# Hello newbie here



## Nate1010 (Jan 9, 2016)

Just wanted to say hello. I am 35 and just started martial arts. I figured I better get going on this if I want to do it. I am doing bjj and kickboxing. I have only done 3 classes and have bruises up and down my arms and really have no clue what I am doing but for some reason it's fun to pay to get beat up. No actually it's fun but tough can't wait till next class.


----------



## Dirty Dog (Jan 9, 2016)

Welcome to MartialTalk. Hope you enjoy it. 


Sent from an old fashioned 300 baud acoustic modem by whistling into the handset. Not TapaTalk. Really.


----------



## Danny T (Jan 9, 2016)

Welcome. Enjoy the journey.


----------



## Monkey Turned Wolf (Jan 9, 2016)

Welcome! Glad you're liking it


----------



## Buka (Jan 9, 2016)

Welcome aboard, bro.


----------



## SahBumNimRush (Jan 12, 2016)

Greetings and welcome to MT!


----------



## Bill Mattocks (Jan 12, 2016)

Welcome to MT!


----------



## Tony Dismukes (Jan 12, 2016)

Welcome to MartialTalk!


----------



## lklawson (Jan 12, 2016)

Nate1010 said:


> Just wanted to say hello. I am 35 and just started martial arts. I figured I better get going on this if I want to do it. I am doing bjj and kickboxing. I have only done 3 classes and have bruises up and down my arms and really have no clue what I am doing but for some reason it's fun to pay to get beat up. No actually it's fun but tough can't wait till next class.


It'll get better with practice and experience.

Peace favor your sword,
Kirk


----------



## Skaw (Jan 12, 2016)

Welcome to the forum and...



Nate1010 said:


> I really have no clue what I am doing



welcome to Martial Arts World


----------



## tshadowchaser (Jan 13, 2016)

Welcome to Martial Talk.


----------



## crazydiamond (Jan 13, 2016)

Welcome ! Always nice to see folks start when they are younger...wish I did.


----------



## oftheherd1 (Jan 15, 2016)

Welcome to MT.


----------



## donald1 (Jan 15, 2016)

Theres a lot more bruises to come as well, great huh!? 

Hello.


----------



## Nate1010 (Jan 15, 2016)

I am only training two days a week in bjj and one day a week in kickboxing. That is all that time allows. I am talking to the choir but it is tough.
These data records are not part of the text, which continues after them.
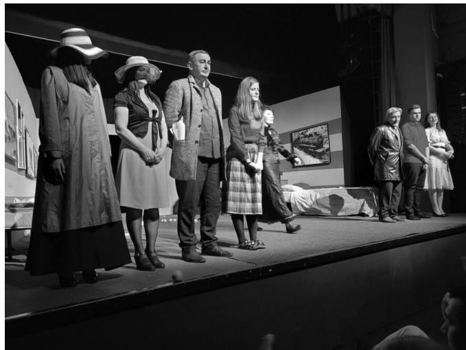
„Данило“, химна за црногорску мајку

Осим што је овим својим ауторским пројектом тежио да направи химну о хероинама и црно-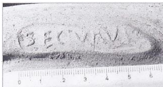
De in Maastricht gevonden stempel (Kloosterman 2006, Plaat 12)

Securus aangetroffen. Andere plaatsen zijn mij niet bekend. Met betrekking tot de chronologie worden de activiteiten van Securus gedateerd tussen 130 en 160 n.Chr. (Carmelez 1980, 47).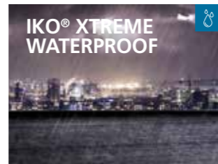
Het bewezen daksysteem voor optimaal waterbeheer en bescherming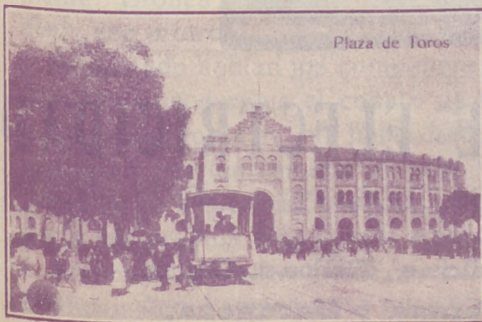
Plaza de Toros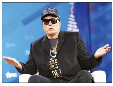
ဘီလျံနာသူဌေးကြီးဖြစ်သူ အီလွန်မက်စ်။

ဝါရှင်တန် ဧပြီ ၃ အမေရိကန်သမ္မတ ဒေါ်နယ်ထရမ်က အီလွန်မက်စ်သည် ၎င်း၏ အစိုးရရာထူးမှ နောက်ဆုတ်သွားဖွယ်ရှိသည်ဟု အတွင်းလူများကို ပြောထားကြောင်း အမေရိကန်သတင်းဝက်ဘ်ဆိုက်ဖြစ်သည့် ပိုလစ်တီကိုတွင် ဖော်ပြထားသည်။ ဘီလျံနာသူဌေးကြီးဖြစ်သူ အီလွန်မက်စ်သည် ဒီအိုဂျီအီးဟု ခေါ်ဝေါ်သည့် ဝန်ထမ်းလျှော့ချရေးနှင့် အသုံးစရိတ်လျှော့ချရေးဌာနကို ဦးဆောင်သူလည်းဖြစ်သည်။ အမေရိကန်သမ္မတ ထရမ်သည် အီလွန်မက်စ်နှင့် ဒီအိုဂျီအီးဌာန၏ လုပ်ဆောင်မှုများကို ကျေနပ်အားရ ဆဲဖြစ်ကြောင်း သို့သော်လည်း အီလွန်မက်စ်သည် ၎င်း၏စီးပွားရေး လုပ်ငန်းများဆီပြန်သွားရန် အချိန်ဖြစ်သည်ဟု မကြာသေးမီက နှစ်ဦးသားတွေ့ဆုံစဉ် ဆုံးဖြတ်ခဲ့ကြောင်း ဧပြီ ၂ ရက်ထုတ် သတင်းတွင် ဖော်ပြထားသည်။ ထရမ်အစိုးရအဖွဲ့ အပြင်ပိုင်းနှင့်အတွင်းပိုင်းရှိ လူများသည် အီလွန်မက်စ်၏ ခန့်မှန်းမရနိုင်သော လုပ်ဆောင်မှုများကို စိတ်ပျက်နေကြကြောင်း ပိုလစ်တီကိုတွင် ဖော်ပြထားသည်။ ယခုနှစ် ပထမလေးလအတွင်း အီလွန်မက်စ်၏ တက်စလာကားကုမ္ပဏီသည် အရောင်းပိုင်း၌ ၁၃ ရာခိုင်နှုန်းကျဆင်းခဲ့ကြောင်း သိရသည်။ အီလွန်မက်စ်၏ နိုင်ငံရေးကျင့် ပါဝင်တတ်သကဲ့သို့အတွက်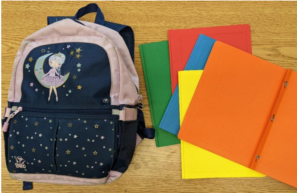
Sac à dos assez grand et duo-tangs (vert, rouge, bleu, jaune, orange) IDENTIFIÉS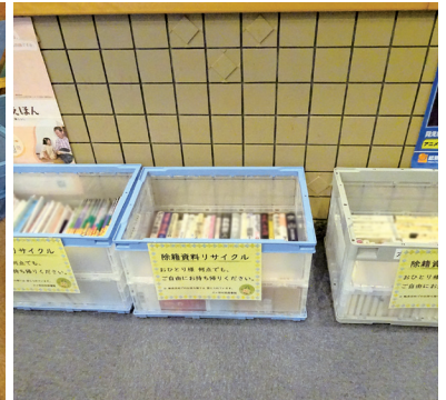
※リサイクル本の転売目的でのお持ち帰りは禁じられています。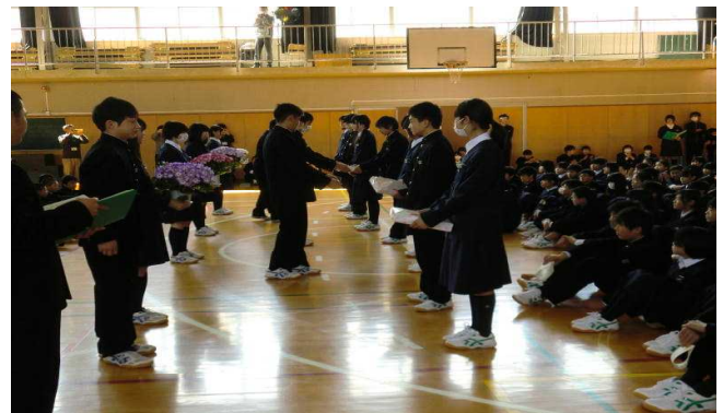
【鉢花と生徒会用ノートを受け取る生徒】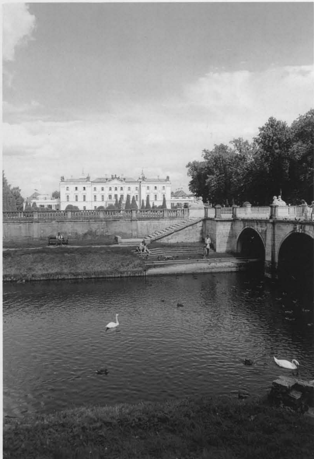
Pałac Branickich w Białymstoku nie bez powodu był nazywany Wersalem Północy.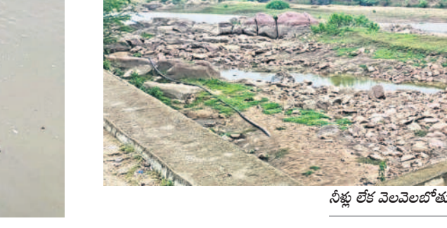
నీళ్లు లేక వెలవెలబోతున్న కప్పలవారు చెక్ డ్యాం

Made it through firsr couple weeks and the guys are really cool especially the higher belts allowing me to try different things before catching me in some move that I don't even know the name of yet. It's realy cool and gives me so much more respect for bjj/mma athletes.  I am keeping up cardio wise which is great, what I am lacking is strength. Especially rolling with these guys some of whom are pro fighters. Albeit when I do get the opportunity to roll with the they know I am new, and I appreciate their input. I am about 5'11'' 160lbs and not very strong I have been getting stronger over the last year since I started lifting going from about 100 max to 150 took a while. But I feel so much better and duh stronger. Now starting bjj I am like the weakest one in their with these gladiators it's funny but really cool at the same time.


----------



## BTittel (Mar 4, 2016)

Good luck in your journey! (and good luck here on MT)   ☺


----------